_Exercise_: Please reproduce the lines of the records below from the one holding "Peter Agnes A、菲律宾大学音乐学院副院长Jonas" through the one holding "移动去程,直连移动英国伦敦节点然后接cogent经过英国去荷兰", inclusive, skipping all pictures.

[Input material — start]

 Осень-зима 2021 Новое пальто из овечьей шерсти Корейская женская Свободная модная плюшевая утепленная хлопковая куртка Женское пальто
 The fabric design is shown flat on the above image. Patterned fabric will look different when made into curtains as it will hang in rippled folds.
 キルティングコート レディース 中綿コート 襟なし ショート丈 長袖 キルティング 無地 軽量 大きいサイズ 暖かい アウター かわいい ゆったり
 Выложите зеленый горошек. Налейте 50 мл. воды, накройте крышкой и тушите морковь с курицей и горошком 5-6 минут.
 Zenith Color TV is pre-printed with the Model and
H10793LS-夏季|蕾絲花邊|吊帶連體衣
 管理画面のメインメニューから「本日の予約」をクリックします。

[Input material — finish]
[Input material — start]

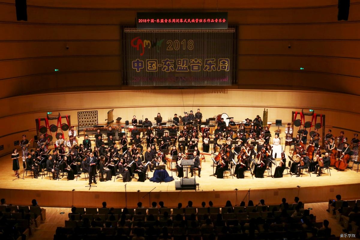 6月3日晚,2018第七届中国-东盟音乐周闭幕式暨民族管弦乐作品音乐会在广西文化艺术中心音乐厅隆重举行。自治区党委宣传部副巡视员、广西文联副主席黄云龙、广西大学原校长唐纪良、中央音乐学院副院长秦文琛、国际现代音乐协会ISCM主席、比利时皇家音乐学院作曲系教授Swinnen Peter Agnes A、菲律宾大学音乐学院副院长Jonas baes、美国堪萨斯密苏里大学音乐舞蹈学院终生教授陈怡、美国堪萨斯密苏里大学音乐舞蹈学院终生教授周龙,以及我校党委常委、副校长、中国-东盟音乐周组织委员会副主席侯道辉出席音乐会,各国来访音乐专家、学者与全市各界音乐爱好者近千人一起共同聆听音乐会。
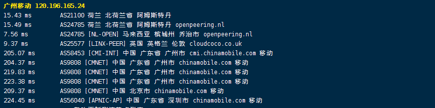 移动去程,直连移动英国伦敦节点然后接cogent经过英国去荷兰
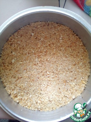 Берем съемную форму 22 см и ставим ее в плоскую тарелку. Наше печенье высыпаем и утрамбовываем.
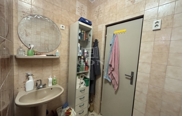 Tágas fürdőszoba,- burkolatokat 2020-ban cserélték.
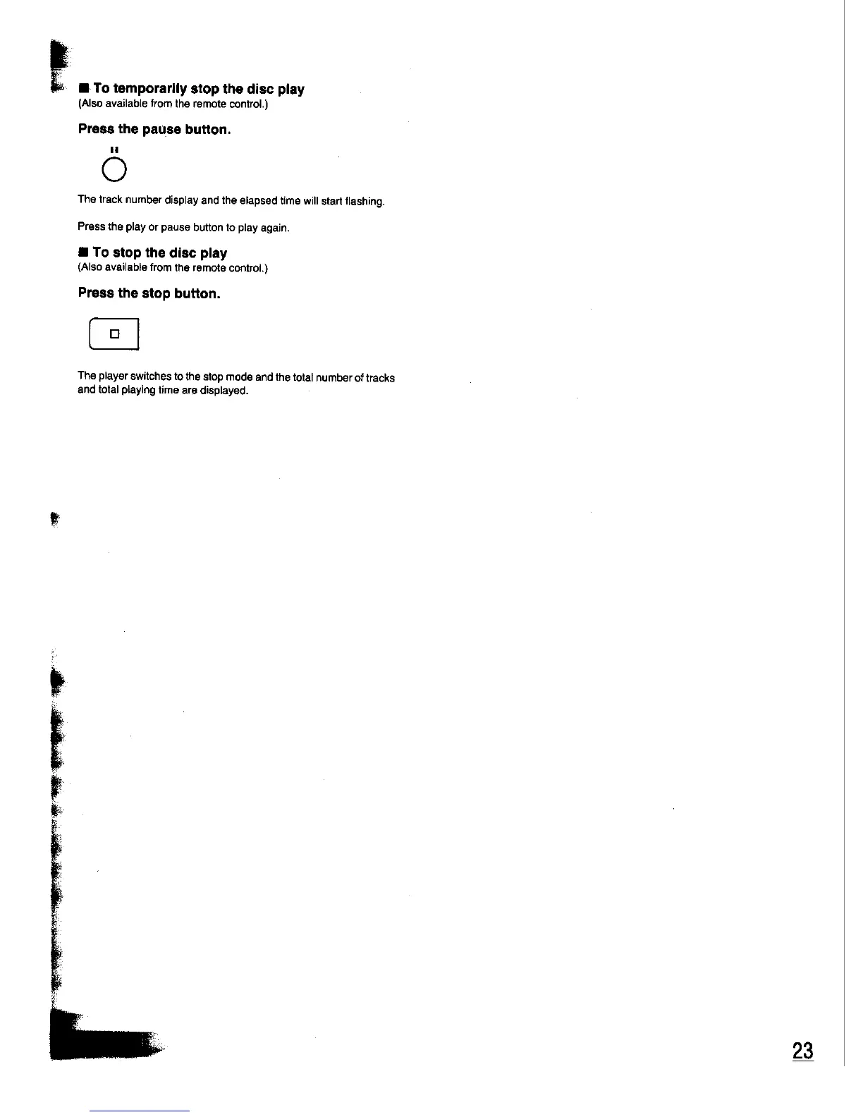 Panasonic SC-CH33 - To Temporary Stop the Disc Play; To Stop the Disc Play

[Input material — finish]

_Written response_:
 6月3日晚,2018第七届中国-东盟音乐周闭幕式暨民族管弦乐作品音乐会在广西文化艺术中心音乐厅隆重举行。自治区党委宣传部副巡视员、广西文联副主席黄云龙、广西大学原校长唐纪良、中央音乐学院副院长秦文琛、国际现代音乐协会ISCM主席、比利时皇家音乐学院作曲系教授Swinnen Peter Agnes A、菲律宾大学音乐学院副院长Jonas baes、美国堪萨斯密苏里大学音乐舞蹈学院终生教授陈怡、美国堪萨斯密苏里大学音乐舞蹈学院终生教授周龙,以及我校党委常委、副校长、中国-东盟音乐周组织委员会副主席侯道辉出席音乐会,各国来访音乐专家、学者与全市各界音乐爱好者近千人一起共同聆听音乐会。
 移动去程,直连移动英国伦敦节点然后接cogent经过英国去荷兰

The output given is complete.